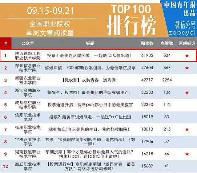 9月24日,中国青年报官微发布了全国职业院校微信公众号影响力排行榜(9月15日-9月21日),学院官微位居全国第1位,其中“投票丨最美连队爆照啦,一起送Ta C位出道!”阅读量突破60000+位列全国职业院校单周文章阅读量榜单第一名,也是学院官微推文的阅读量首次突破6w+。
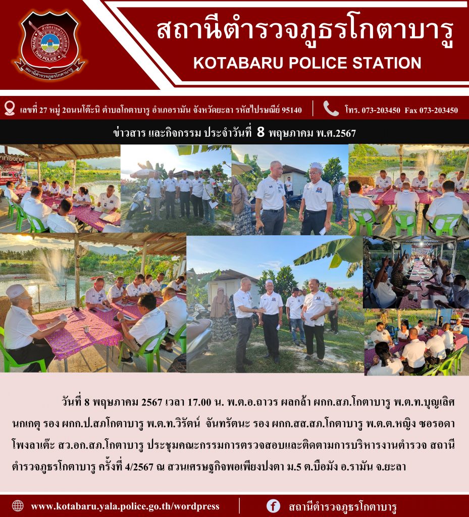 วันที่ 8 พฤษภาคม 2567 เวลา 17.00 น. พ.ต.อ.ถาวร ผลกล้า ผกก.สภ.โกตาบารู พ.ต.ท.บุญเลิศ นกเกตุ รอง ผกก.ป.สภโกตาบารู พ.ต.ท.วิรัตน์ จันทรัตนะ รอง ผกก.สส.สภ.โกตาบารู พ.ต.ต.หญิง ซอรอดา โพงลาเต๊ะ สว.อก.สภ.โกตาบารู ประชุมคณะกรรมการตรวจสอบและติดตามการบริหารงานตำรวจ สถานีตำรวจภูธรโกตาบารู ครั้งที่ 4/2567 ณ สวนเศรษฐกิจพอเพียงปงตา ม.5 ต.บือมัง อ.รามัน จ.ยะลา
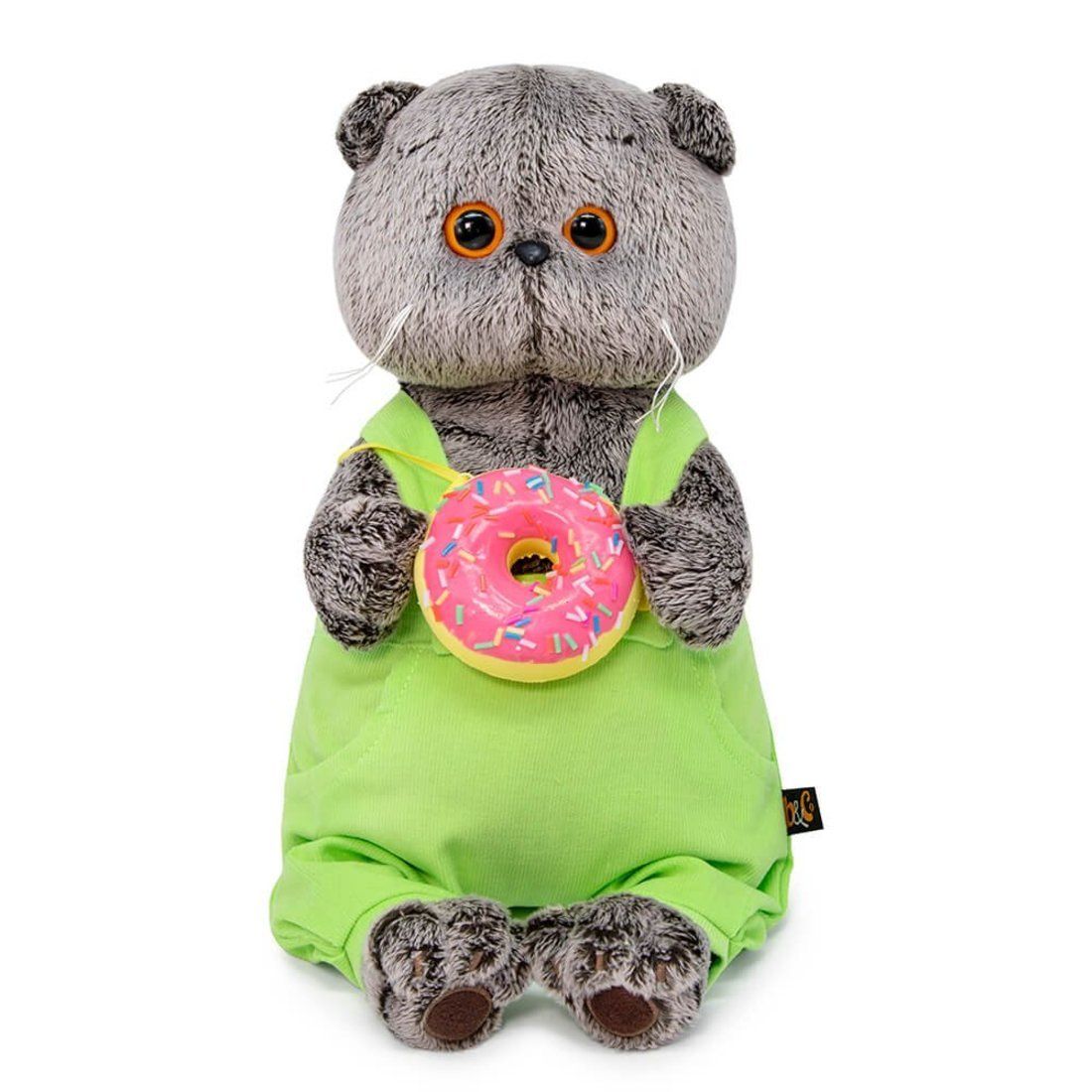 Кот Басик в комбинезоне из микровельвета цвета свежего салата. В лапках Басик держит интересный аксессуар‑антистресс в виде аппетитного пончика. Игрушка поставляется в закрытой подарочной коробке, подвязанной атласными лентами.

# Exercise objective
Could every line above be set down exactly, with the pictures omitted?

# Task result
 9月24日,中国青年报官微发布了全国职业院校微信公众号影响力排行榜(9月15日-9月21日),学院官微位居全国第1位,其中“投票丨最美连队爆照啦,一起送Ta C位出道!”阅读量突破60000+位列全国职业院校单周文章阅读量榜单第一名,也是学院官微推文的阅读量首次突破6w+。
 วันที่ 8 พฤษภาคม 2567 เวลา 17.00 น. พ.ต.อ.ถาวร ผลกล้า ผกก.สภ.โกตาบารู พ.ต.ท.บุญเลิศ นกเกตุ รอง ผกก.ป.สภโกตาบารู พ.ต.ท.วิรัตน์ จันทรัตนะ รอง ผกก.สส.สภ.โกตาบารู พ.ต.ต.หญิง ซอรอดา โพงลาเต๊ะ สว.อก.สภ.โกตาบารู ประชุมคณะกรรมการตรวจสอบและติดตามการบริหารงานตำรวจ สถานีตำรวจภูธรโกตาบารู ครั้งที่ 4/2567 ณ สวนเศรษฐกิจพอเพียงปงตา ม.5 ต.บือมัง อ.รามัน จ.ยะลา
 Кот Басик в комбинезоне из микровельвета цвета свежего салата. В лапках Басик держит интересный аксессуар‑антистресс в виде аппетитного пончика. Игрушка поставляется в закрытой подарочной коробке, подвязанной атласными лентами.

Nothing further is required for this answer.